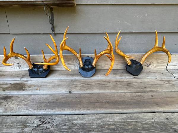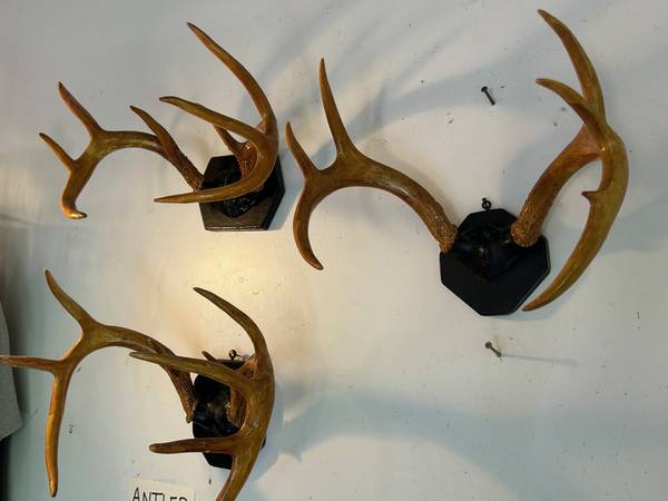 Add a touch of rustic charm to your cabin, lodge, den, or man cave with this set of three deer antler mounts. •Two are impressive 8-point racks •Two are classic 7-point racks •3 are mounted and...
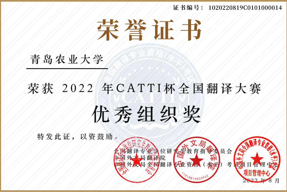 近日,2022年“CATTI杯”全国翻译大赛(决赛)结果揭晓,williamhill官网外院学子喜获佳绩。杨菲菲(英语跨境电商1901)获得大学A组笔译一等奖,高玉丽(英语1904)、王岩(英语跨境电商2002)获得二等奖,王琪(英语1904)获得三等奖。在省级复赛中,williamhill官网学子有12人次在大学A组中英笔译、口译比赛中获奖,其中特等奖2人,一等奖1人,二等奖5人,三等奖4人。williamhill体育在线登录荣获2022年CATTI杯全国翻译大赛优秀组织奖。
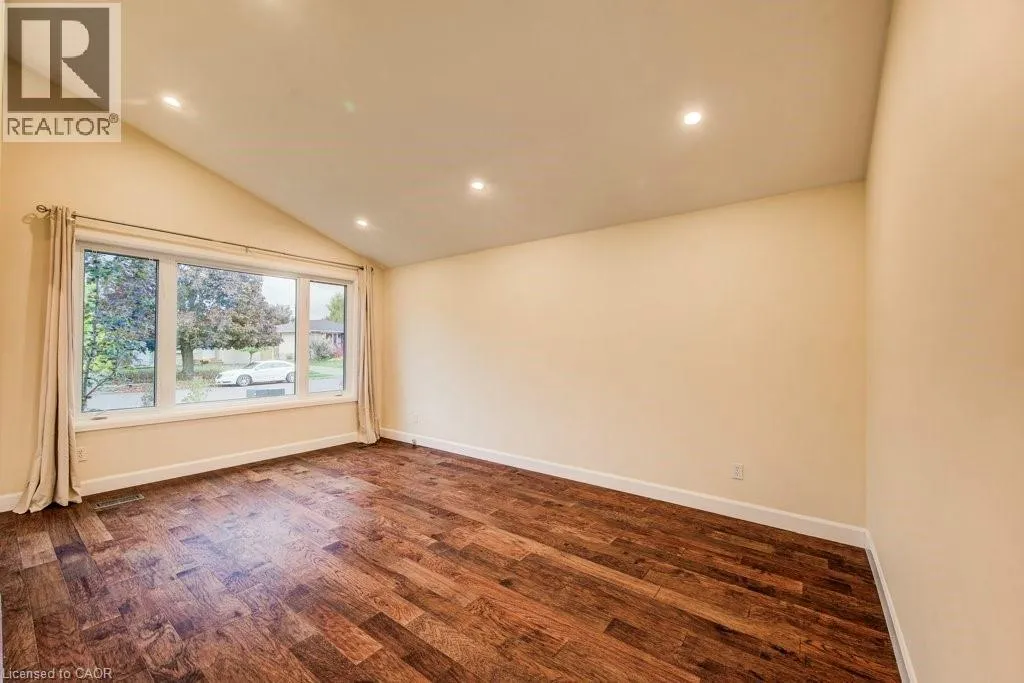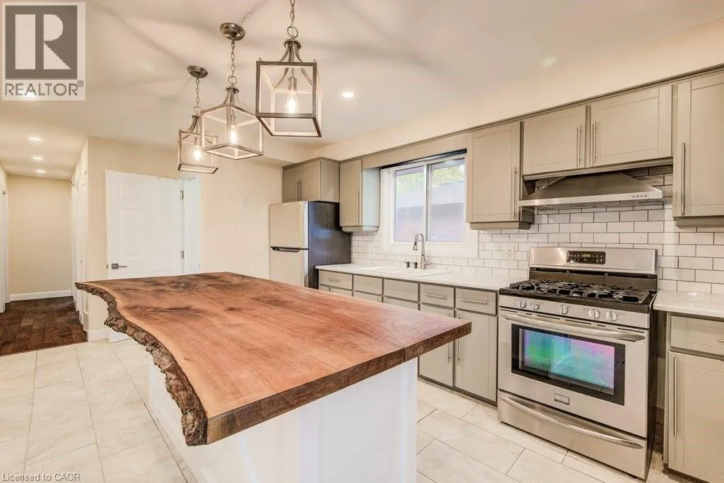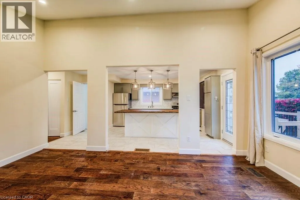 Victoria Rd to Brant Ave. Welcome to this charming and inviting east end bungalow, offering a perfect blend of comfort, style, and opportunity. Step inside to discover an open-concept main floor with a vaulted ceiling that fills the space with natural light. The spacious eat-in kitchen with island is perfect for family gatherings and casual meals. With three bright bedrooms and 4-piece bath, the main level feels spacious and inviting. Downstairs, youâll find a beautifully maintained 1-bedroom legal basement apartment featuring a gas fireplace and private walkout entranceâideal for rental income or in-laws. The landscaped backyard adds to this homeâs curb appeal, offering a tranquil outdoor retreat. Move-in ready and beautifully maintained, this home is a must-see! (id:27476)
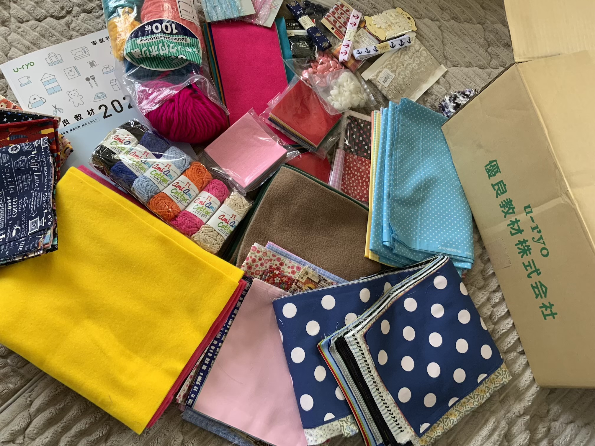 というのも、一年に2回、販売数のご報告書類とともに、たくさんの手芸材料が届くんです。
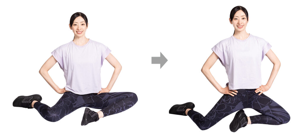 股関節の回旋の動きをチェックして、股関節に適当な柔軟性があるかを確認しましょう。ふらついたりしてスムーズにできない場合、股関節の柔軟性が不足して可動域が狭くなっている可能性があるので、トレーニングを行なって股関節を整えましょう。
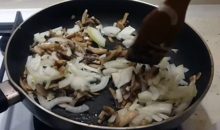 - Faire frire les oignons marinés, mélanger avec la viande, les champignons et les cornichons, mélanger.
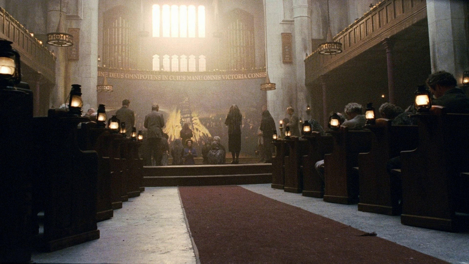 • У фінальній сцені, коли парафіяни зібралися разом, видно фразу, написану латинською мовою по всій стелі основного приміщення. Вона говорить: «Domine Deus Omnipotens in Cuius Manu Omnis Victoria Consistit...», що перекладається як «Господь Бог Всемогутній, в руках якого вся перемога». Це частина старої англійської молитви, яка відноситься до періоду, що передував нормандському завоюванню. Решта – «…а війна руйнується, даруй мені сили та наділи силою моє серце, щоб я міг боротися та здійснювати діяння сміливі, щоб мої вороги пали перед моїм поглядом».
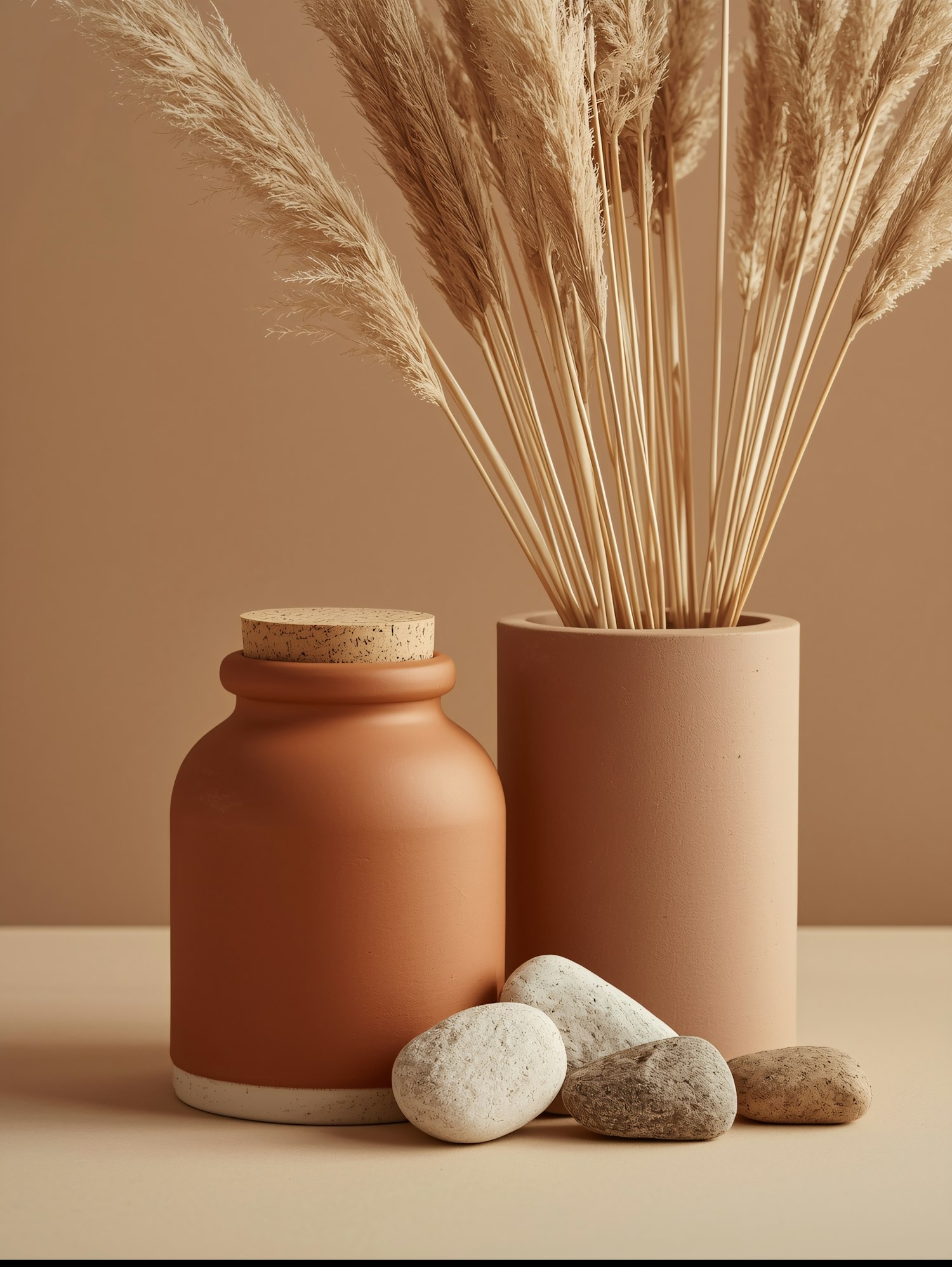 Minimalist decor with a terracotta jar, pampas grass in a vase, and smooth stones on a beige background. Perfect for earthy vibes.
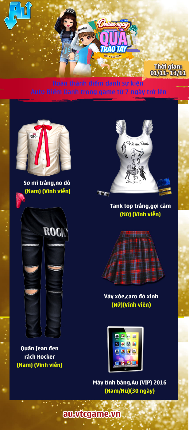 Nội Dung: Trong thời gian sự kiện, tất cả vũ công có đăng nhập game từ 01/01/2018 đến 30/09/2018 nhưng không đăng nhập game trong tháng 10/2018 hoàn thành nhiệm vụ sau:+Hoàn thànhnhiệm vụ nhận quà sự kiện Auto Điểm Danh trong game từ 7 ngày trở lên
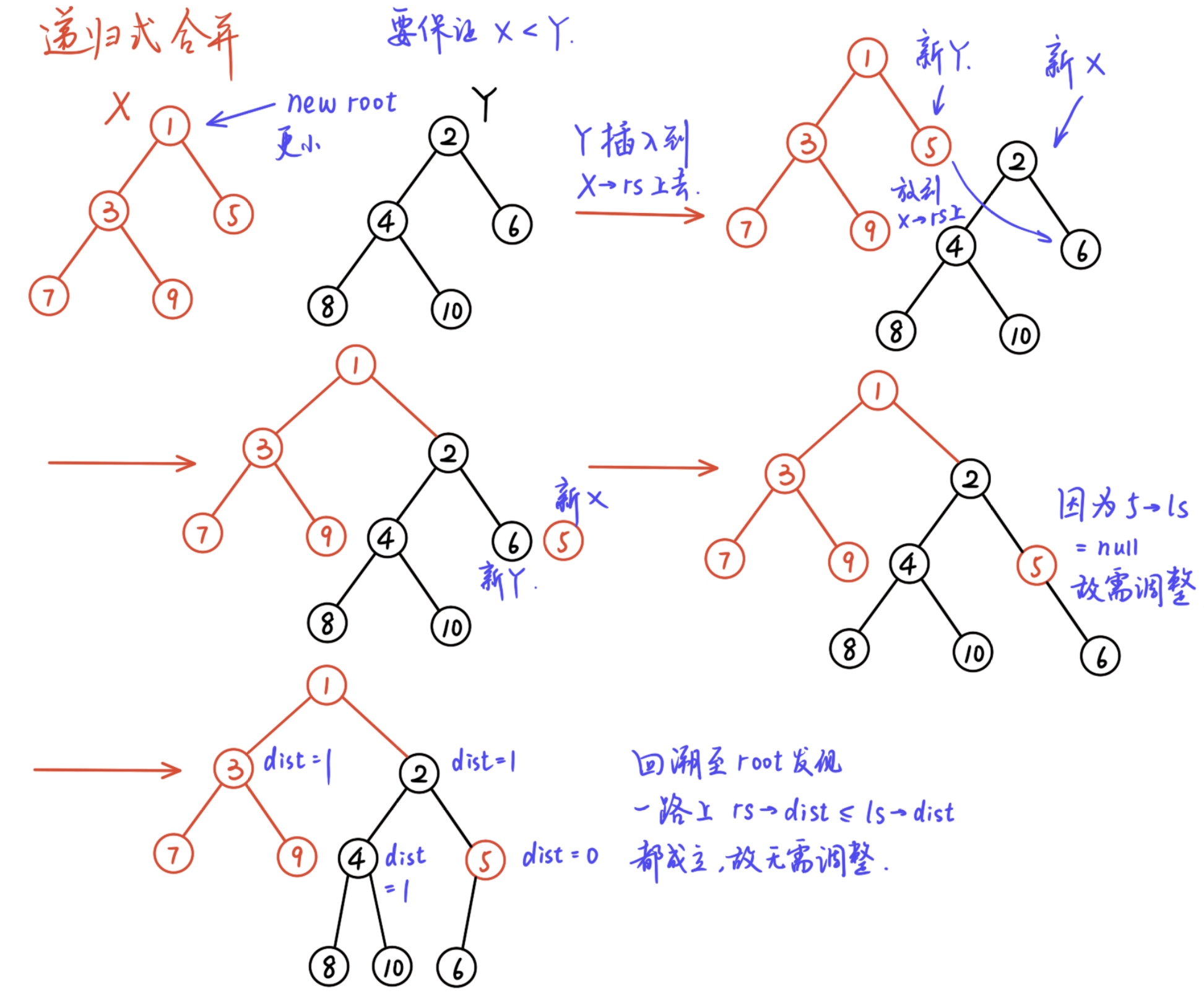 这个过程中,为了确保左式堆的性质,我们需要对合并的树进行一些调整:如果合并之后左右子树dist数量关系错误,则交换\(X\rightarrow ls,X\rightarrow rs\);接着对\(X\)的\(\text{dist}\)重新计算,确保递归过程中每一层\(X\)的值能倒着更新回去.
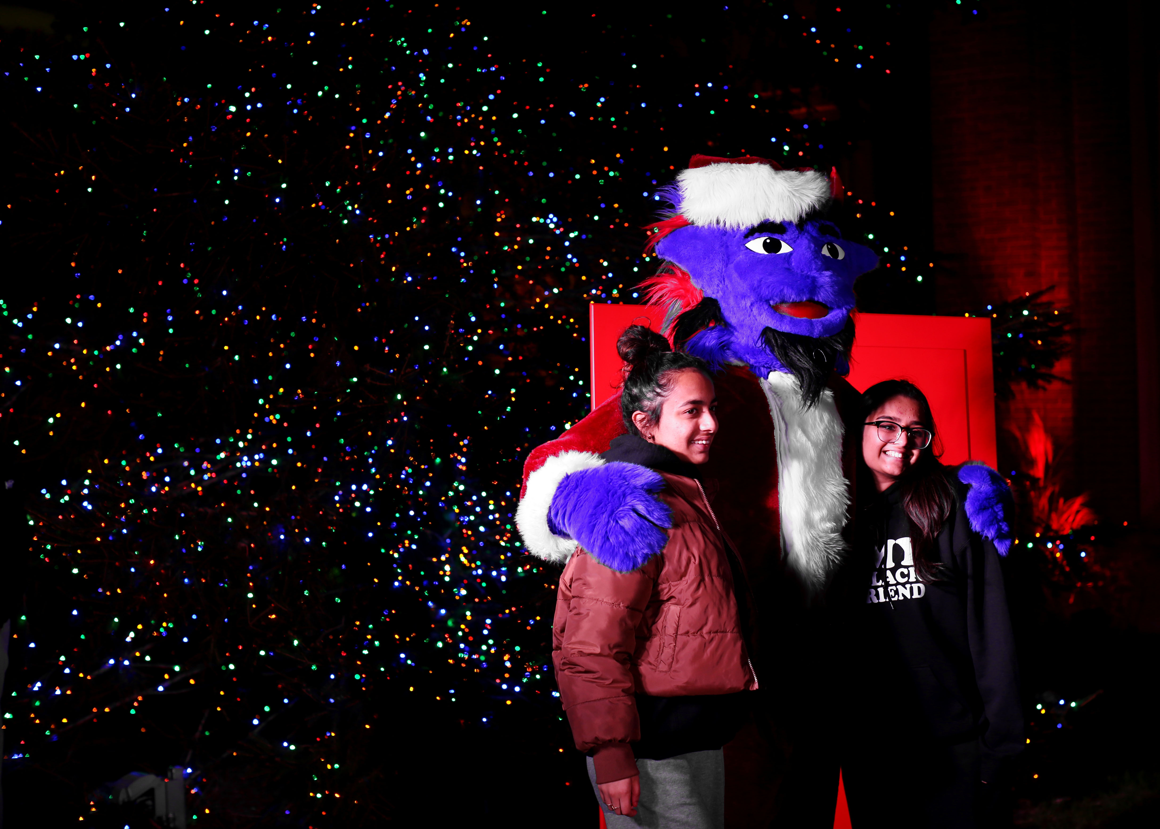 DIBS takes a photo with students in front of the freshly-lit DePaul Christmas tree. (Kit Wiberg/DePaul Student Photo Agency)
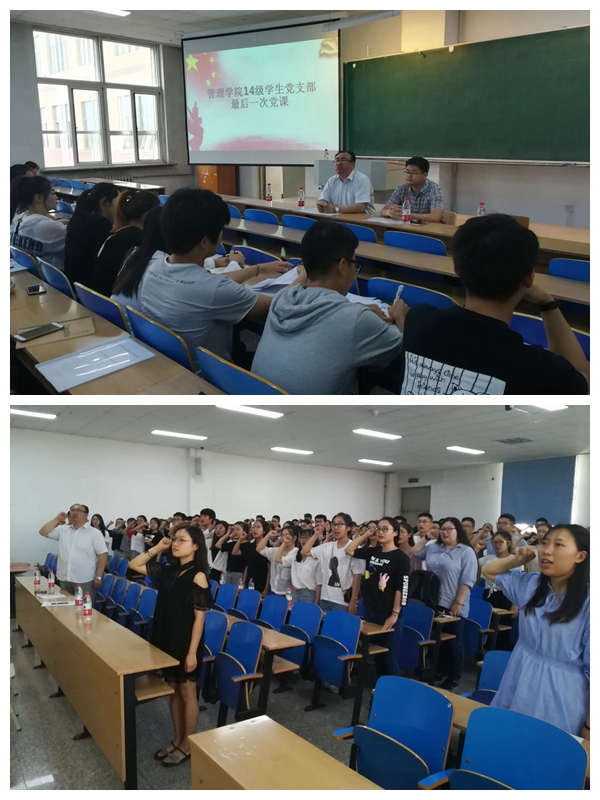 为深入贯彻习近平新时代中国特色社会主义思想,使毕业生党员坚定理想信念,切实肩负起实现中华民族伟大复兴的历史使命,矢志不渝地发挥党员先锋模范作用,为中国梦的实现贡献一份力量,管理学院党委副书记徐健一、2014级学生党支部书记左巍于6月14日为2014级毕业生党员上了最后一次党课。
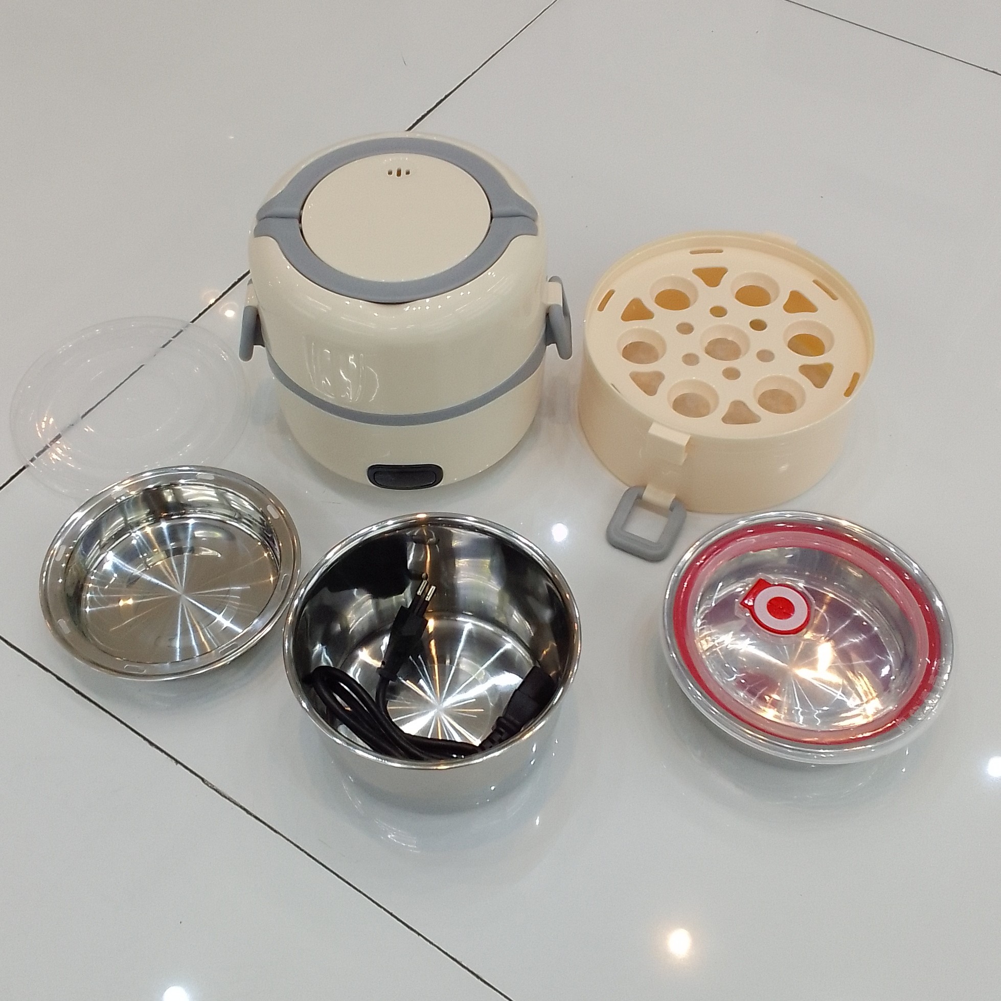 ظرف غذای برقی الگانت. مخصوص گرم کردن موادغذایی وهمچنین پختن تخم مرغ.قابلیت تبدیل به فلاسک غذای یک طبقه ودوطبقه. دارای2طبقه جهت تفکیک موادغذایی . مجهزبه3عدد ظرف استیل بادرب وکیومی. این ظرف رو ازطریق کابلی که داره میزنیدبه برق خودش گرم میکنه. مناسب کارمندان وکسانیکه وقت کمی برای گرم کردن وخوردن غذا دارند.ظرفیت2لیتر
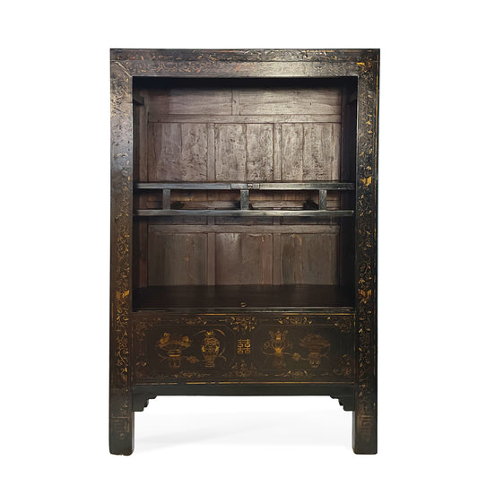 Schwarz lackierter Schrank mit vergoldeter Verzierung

* _DIRECTIONS FOR THIS TASK_
Leave out the pictures, and write out all the remaining data above exactly.

* _SOLUTION BELOW_
 Add a touch of rustic charm to your cabin, lodge, den, or man cave with this set of three deer antler mounts. •Two are impressive 8-point racks •Two are classic 7-point racks •3 are mounted and...
 近日,2022年“CATTI杯”全国翻译大赛(决赛)结果揭晓,williamhill官网外院学子喜获佳绩。杨菲菲(英语跨境电商1901)获得大学A组笔译一等奖,高玉丽(英语1904)、王岩(英语跨境电商2002)获得二等奖,王琪(英语1904)获得三等奖。在省级复赛中,williamhill官网学子有12人次在大学A组中英笔译、口译比赛中获奖,其中特等奖2人,一等奖1人,二等奖5人,三等奖4人。williamhill体育在线登录荣获2022年CATTI杯全国翻译大赛优秀组织奖。
 Victoria Rd to Brant Ave. Welcome to this charming and inviting east end bungalow, offering a perfect blend of comfort, style, and opportunity. Step inside to discover an open-concept main floor with a vaulted ceiling that fills the space with natural light. The spacious eat-in kitchen with island is perfect for family gatherings and casual meals. With three bright bedrooms and 4-piece bath, the main level feels spacious and inviting. Downstairs, youâll find a beautifully maintained 1-bedroom legal basement apartment featuring a gas fireplace and private walkout entranceâideal for rental income or in-laws. The landscaped backyard adds to this homeâs curb appeal, offering a tranquil outdoor retreat. Move-in ready and beautifully maintained, this home is a must-see! (id:27476)
 というのも、一年に2回、販売数のご報告書類とともに、たくさんの手芸材料が届くんです。
 股関節の回旋の動きをチェックして、股関節に適当な柔軟性があるかを確認しましょう。ふらついたりしてスムーズにできない場合、股関節の柔軟性が不足して可動域が狭くなっている可能性があるので、トレーニングを行なって股関節を整えましょう。
 - Faire frire les oignons marinés, mélanger avec la viande, les champignons et les cornichons, mélanger.
 • У фінальній сцені, коли парафіяни зібралися разом, видно фразу, написану латинською мовою по всій стелі основного приміщення. Вона говорить: «Domine Deus Omnipotens in Cuius Manu Omnis Victoria Consistit...», що перекладається як «Господь Бог Всемогутній, в руках якого вся перемога». Це частина старої англійської молитви, яка відноситься до періоду, що передував нормандському завоюванню. Решта – «…а війна руйнується, даруй мені сили та наділи силою моє серце, щоб я міг боротися та здійснювати діяння сміливі, щоб мої вороги пали перед моїм поглядом».
 Minimalist decor with a terracotta jar, pampas grass in a vase, and smooth stones on a beige background. Perfect for earthy vibes.
 Nội Dung: Trong thời gian sự kiện, tất cả vũ công có đăng nhập game từ 01/01/2018 đến 30/09/2018 nhưng không đăng nhập game trong tháng 10/2018 hoàn thành nhiệm vụ sau:+Hoàn thànhnhiệm vụ nhận quà sự kiện Auto Điểm Danh trong game từ 7 ngày trở lên
 这个过程中,为了确保左式堆的性质,我们需要对合并的树进行一些调整:如果合并之后左右子树dist数量关系错误,则交换\(X\rightarrow ls,X\rightarrow rs\);接着对\(X\)的\(\text{dist}\)重新计算,确保递归过程中每一层\(X\)的值能倒着更新回去.
 DIBS takes a photo with students in front of the freshly-lit DePaul Christmas tree. (Kit Wiberg/DePaul Student Photo Agency)
 为深入贯彻习近平新时代中国特色社会主义思想,使毕业生党员坚定理想信念,切实肩负起实现中华民族伟大复兴的历史使命,矢志不渝地发挥党员先锋模范作用,为中国梦的实现贡献一份力量,管理学院党委副书记徐健一、2014级学生党支部书记左巍于6月14日为2014级毕业生党员上了最后一次党课。
 ظرف غذای برقی الگانت. مخصوص گرم کردن موادغذایی وهمچنین پختن تخم مرغ.قابلیت تبدیل به فلاسک غذای یک طبقه ودوطبقه. دارای2طبقه جهت تفکیک موادغذایی . مجهزبه3عدد ظرف استیل بادرب وکیومی. این ظرف رو ازطریق کابلی که داره میزنیدبه برق خودش گرم میکنه. مناسب کارمندان وکسانیکه وقت کمی برای گرم کردن وخوردن غذا دارند.ظرفیت2لیتر
 Schwarz lackierter Schrank mit vergoldeter Verzierung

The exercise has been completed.